Wednesday, June 6, 2012

Book Review: Purity

A novel about love, loss, and sex -- but not necessarily in that order.

Before her mother died, Shelby promised three things: to listen to her father, to love as much as possible, and to live without restraint. Those Promises become harder to keep when Shelby's father joins the planning committee for the Princess Ball, an annual dance that ends with a ceremonial vow to live pure lives -- in other words, no "bad behavior," no breaking the rules, and definitely no sex.

Torn between Promises One and Three, Shelby makes a decision -- to exploit a loophole and lose her virginity before taking the vow. But somewhere between failed hookup attempts and helping her dad plan the ball, Shelby starts to understand what her mother really meant, what her father really needs, and who really has the right to her purity.

Purityis the first book I've read by Jackson Pearce. And it definitely won't be the last. I picked it up thinking it would be fun and light. I was so wrong. Although, it might be a bit lighter for others.

Shelby's sixteen, and she's trying to keep three promises that her mother made her promise before she passed, six years prior. Promise one - to listen to her father - has made her one of the most obedient teens ever. However, her father is kinda distant, so if her father doesn't know about something, he can't say "no", and she can still do as she pleases. And she has a long list of things her father probably wouldn't approve of, but promise three - to live without restraint has her jumping off bridges into water and stealing cars. It's much less radical than it sounds, though. But promise two - to love as much as possible gets lost.

Shelby and her friends come home to find Pastor Ryan having a conversation with her dad. They're planning a Princess Ball.

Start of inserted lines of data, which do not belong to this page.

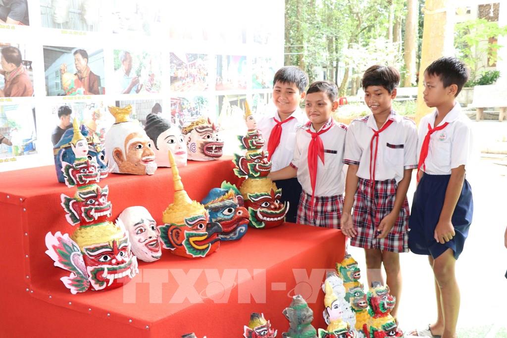Các học sinh tham quan, tìm hiểu mão, mặt nạ của đồng bào Khmer. Ảnh: Thanh Hòa- TTXVN
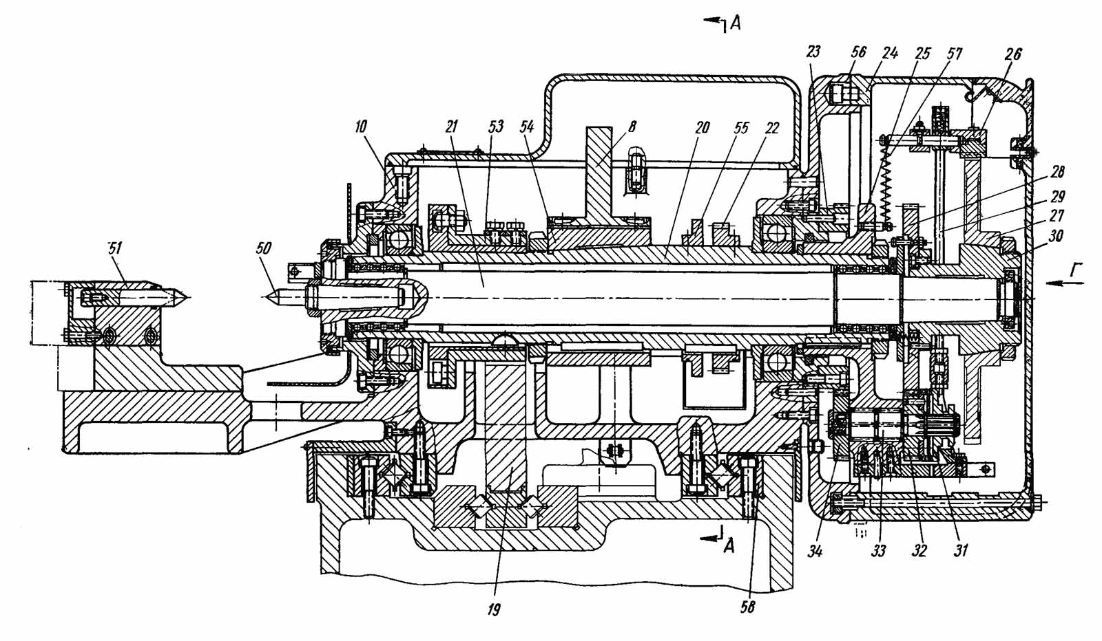 Ручное перемещение пиноли 50 производится от квадрата на валу зубчатого колеса 37.
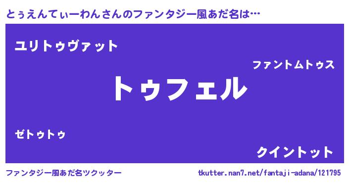 | 胡散臭い通販商品みたいなあだ名 | 『必ず成功するブレスレット…その名も「とぅえんてぃーわん」』 |
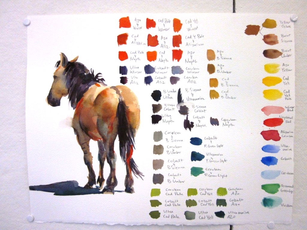The following are paintings I've been working on the past couple weeks. The first is a study of all the watercolor and gouache paint colors and mixing them, all the while doing a small color study of a horse. For the next one I printed out a black and white photo, used colored pencils, and played with warm and cool colors to depict the structure of the horses. I then painted them, using my gut instinct and later one of my thesis committee members (I have one head advisor and an active committee member) and she said that the painting worked because I had the one green colored colt which turned the painting from possibly being a complimentary color painting to a more interesting one. And the last photo is of the wall with a landscape and herd of horses I did before experimenting with the color.
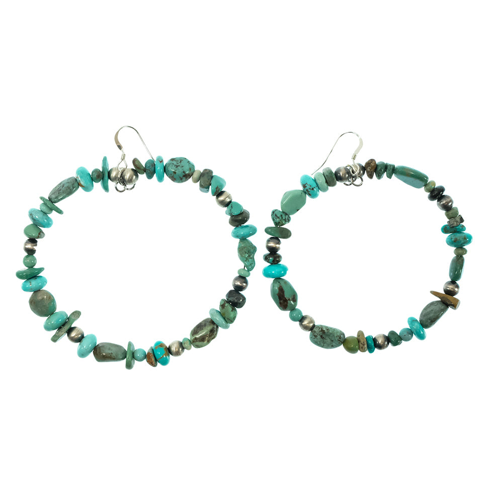 Turquoise Bead Native American Navajo Sterling Silver Dangling Earrings
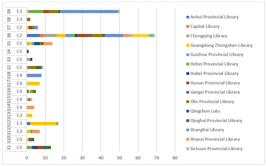 The total number of appearances of these two video topic categories, “Reading Promotion (S6)” and “Book Recommendation (S9),” far exceeds the number of other categories of content combined, which confirms the conclusion that Douyin is a tool for public libraries to provide online services and resources to the public. Additionally, this aligns with recent findings that patrons receive Instagram promotions well [31,32]. Notably, during the lockdown of the COVID-19 pandemic [32], more patrons tended to use mobile Internet to access library services. Douyin and other short-form videos are low-cost and unrestricted by space and time, facilitating the public to access library services because these promotions can provide related content and links [55].
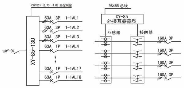 多用戶組合式配電箱內(nèi)置多用戶組臺式電能表、總進線開關(guān)、分戶開關(guān)、零線和地線端子排等,分懸掛式和嵌墻式兩種,其體積因多用戶電能表的戶數(shù)和開關(guān)種類而變。
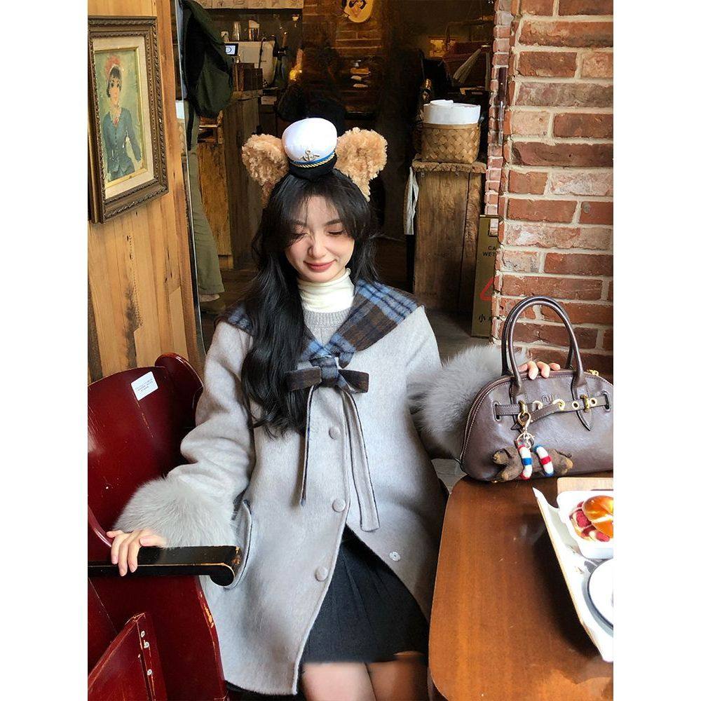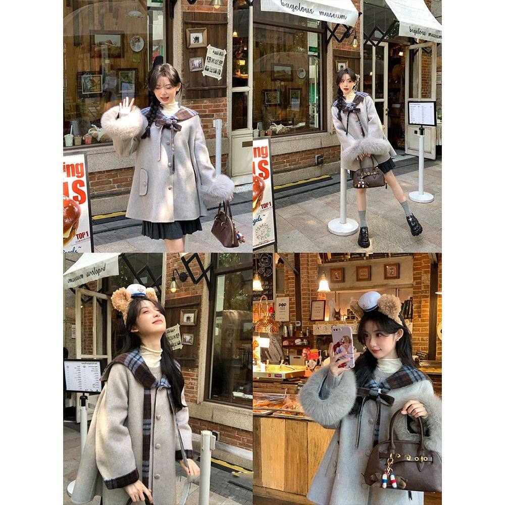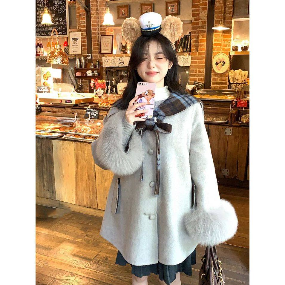 航海艺术家/韩系格子大衣春秋新款毛毛袖海军领气质夹棉毛呢外套
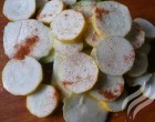 A cukkinit hámozzuk meg és szeleteljük fel, szórjuk meg borssal, tetszés szerint pirospaprikával.
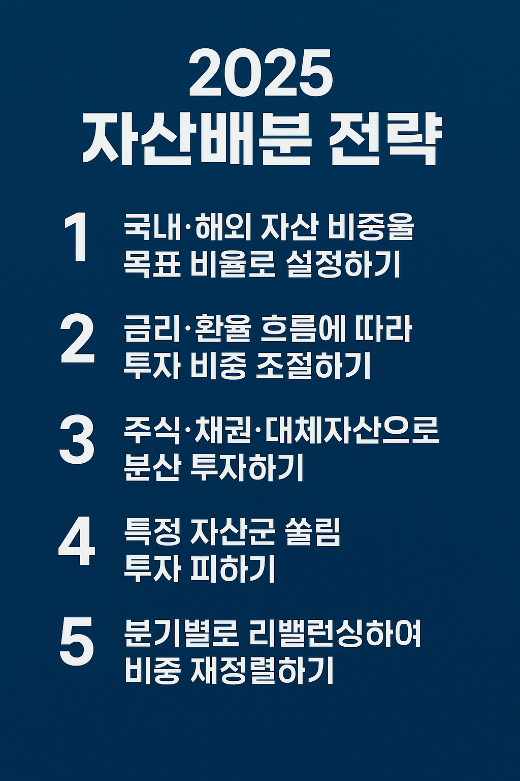 2025년은 해외 중심 자산배분 + 국내 성장주 보완 전략이 효과적입니다.
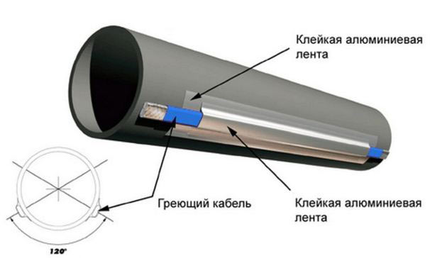 Ако говорим за това как да поправим нагревателния кабел за водоснабдяване, тогава препоръчваме да използвате алуминиева лента за това - това не само ще фиксира сигурно продукта, но и значително ще увеличи неговия топлопренос. Като алтернатива можете да използвате лепяща лента за фиксиране, като я увиете около водопровода, както е показано на изображението по-долу.
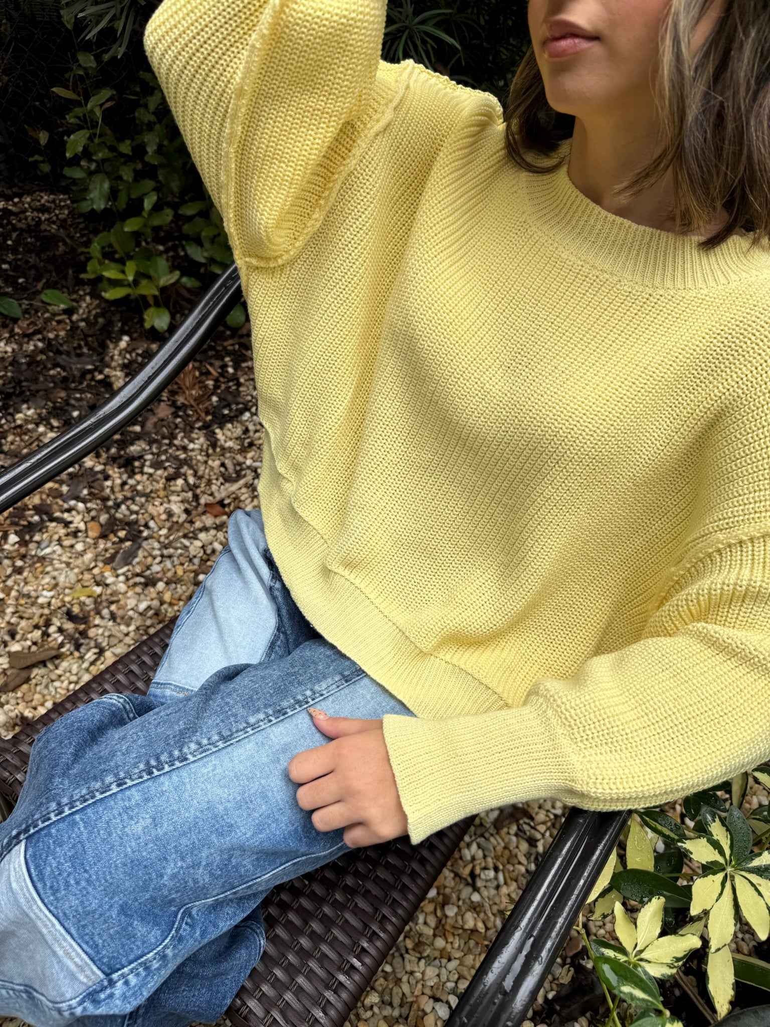 Brighten your wardrobe with the Banana Breeze Oversized Knit Sweater — a soft, lightweight knit that brings effortless charm to any outfit. Designed with a relaxed, slouchy fit and dropped shoulders, this sweater drapes beautifully for that perfectly undone look. The airy knit texture makes it ideal for transitioning between seasons, while the cheerful pastel hue adds a pop of sunshine to your style. Pair it with denim shorts and sneakers for a casual daytime look, layer over a bralette with wide-leg pants for a chic coastal vibe, or throw it over a swimsuit for the perfect beach-to-boardwalk coverup.
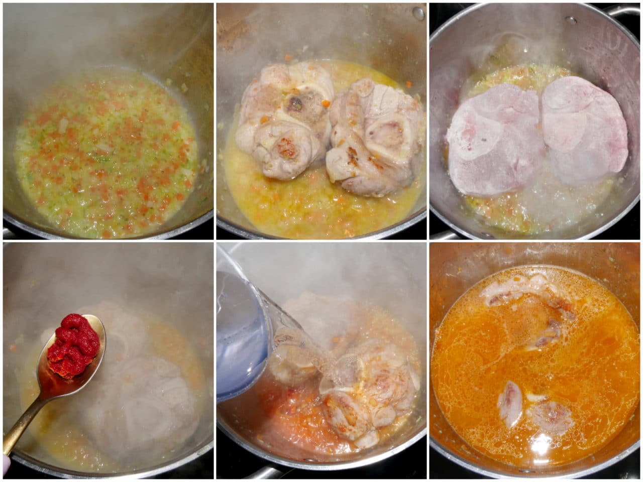 Unite gli ossibuchi, fateli dorare da entrambe le parti, poi sfumate con metà del vino, aggiungete il concentrato e infine unite l'acqua e fate cuocere con coperchio su fiamma bassa per circa 4 ore.
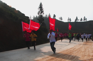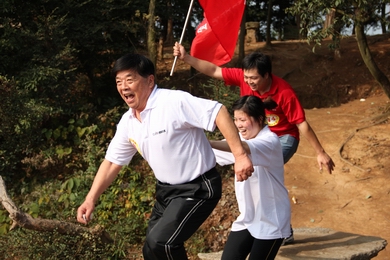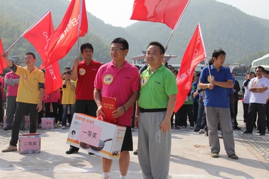 原來是江西高能投資集團(tuán)有限公司舉行2011員工登山活動(dòng)。一大早160余名參加活動(dòng)的員工分四路從南昌出發(fā),趕往獅子峰腳下集合。大約九點(diǎn),準(zhǔn)時(shí)到達(dá)比賽起跑點(diǎn)。參賽員工在各公司領(lǐng)隊(duì)的帶領(lǐng)下,按照事先抽取的跑道號(hào),秩序井然地排好隊(duì)列,各公司旗手站在首位,高舉隊(duì)旗,六種顏色的衣服組合在一起,和綠樹青山交相輝映,形成一道亮麗的風(fēng)景線。九點(diǎn)十分,比賽正式開始。大家無暇欣賞美麗的景色,一路你追我趕。約三十幾分鐘后,山上的工作人員聽到了有人即將登頂?shù)穆曇簦蠹夷弥鴶U(kuò)音器不停的吶喊助威。伴隨著加油聲,三個(gè)敏捷的身影向終點(diǎn)飛奔而來,幾乎同時(shí)到達(dá)終點(diǎn),其中一位居然是女性。閃光燈閃亮,記錄了這一勝利而又喜悅的時(shí)刻。他們是140號(hào)王小華、42號(hào)王世泰和25號(hào)許艱,成績(jī)分別為“32分17秒、32分20秒、32分32秒”。當(dāng)集團(tuán)公司和二、三級(jí)公司領(lǐng)導(dǎo)登上頂峰的時(shí)候,大家異常興奮。雖然身心疲憊,雖然汗流浹背,但是每個(gè)人臉上都洋溢著勝利的喜悅和光芒,因?yàn)樗麄兛朔酥刂乩щy,堅(jiān)持到了最后,特別是站到山頂上俯瞰著山下的一切,“會(huì)當(dāng)凌絕頂,一覽眾山小”,他們此時(shí)的心境應(yīng)該是無比的驕傲和自豪。
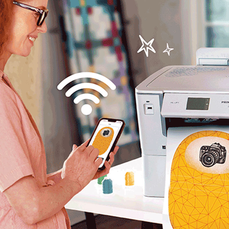 Use your favourite design software to print directly from your computer or smart device. Link to the Brother Artspira* design app to expand your creative possibilities even further. With Artspira you can even print quilt blocks, project templates, photo frames and more directly onto your PrintModa.
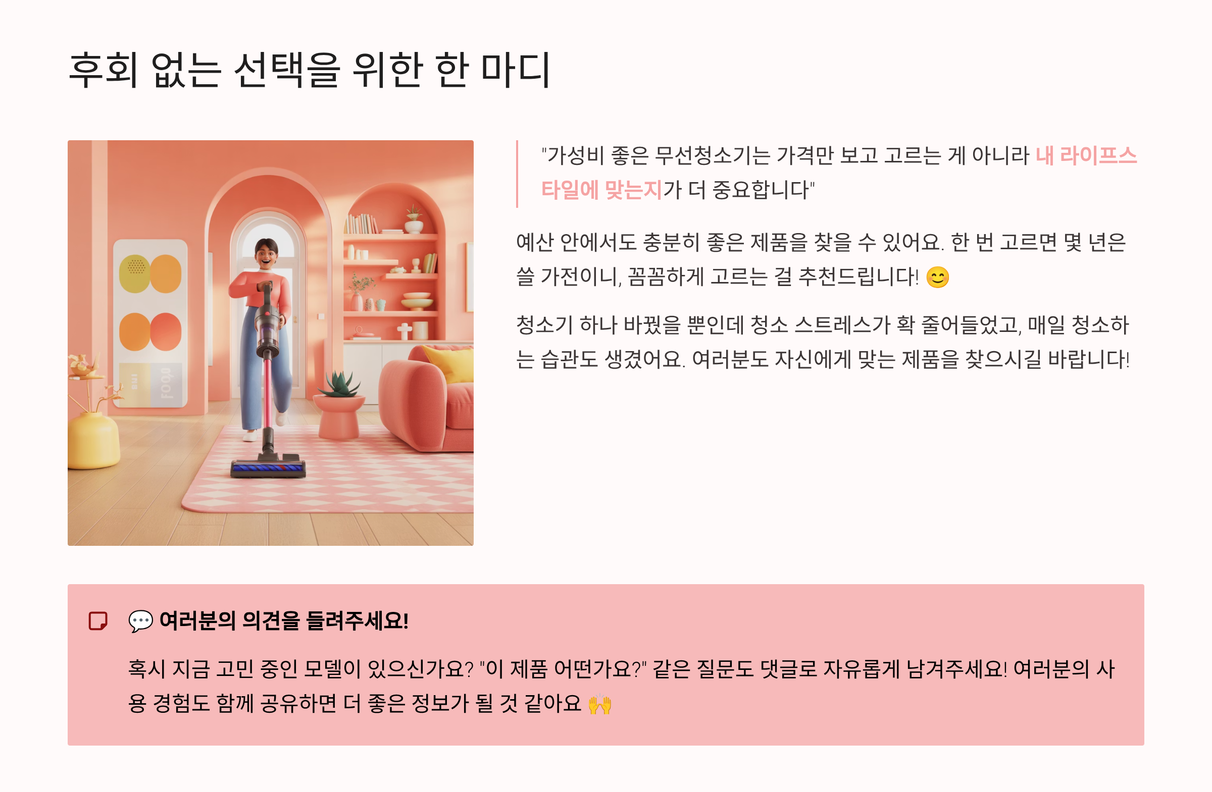 "가성비 좋은 무선청소기는 가격만 보고 고르는 게 아니라 내 라이프스타일에 맞는지가 더 중요합니다"

Which is basically a dance for fathers and daughters, where fathers promise to be good role models and support their daughters, while the girls promise to stay pure... meaning no drinking, no drugs, and no sex. Shelby's already sampled alcohol, so she feels exempt from that one. But how can she live without restraint and love as much as possible if she has to promise no sex before marriage? A friend decides the only loophole would be to have sex before the Princess Ball.

Purity had me in tears on almost every other page. But as I said about, it might be a lighter read for others. While my father never suggested we go to a Princess Ball - he'd be more freaked out about having to dance with me at a function than anything else, and I'd run away before I'd go to one - our relationship is very much like Shelby and her dad's. My dad and I hardly ever talk. And since my mom passed away - from breast cancer, like Shelby's - we talk even less. I'm an adult, and I don't live at home anymore, but when I did we more or less lived around each other, never really interacting. It always made me sad that my father and I never really got along. We have virtually nothing in common, and spending time with him is sometimes awkward. My mom and I were extremely close. When I lost her, I lost my best friend. It was really easy for me to step into Shelby's shoes and understand her pain and confusion. This book was a very powerful read for me.

If you haven't picked this one up, and are in the mood for a good contemporary, definitely consider this one. And if you like audiobooks, I heard Jackson Pearce narrates this one herself.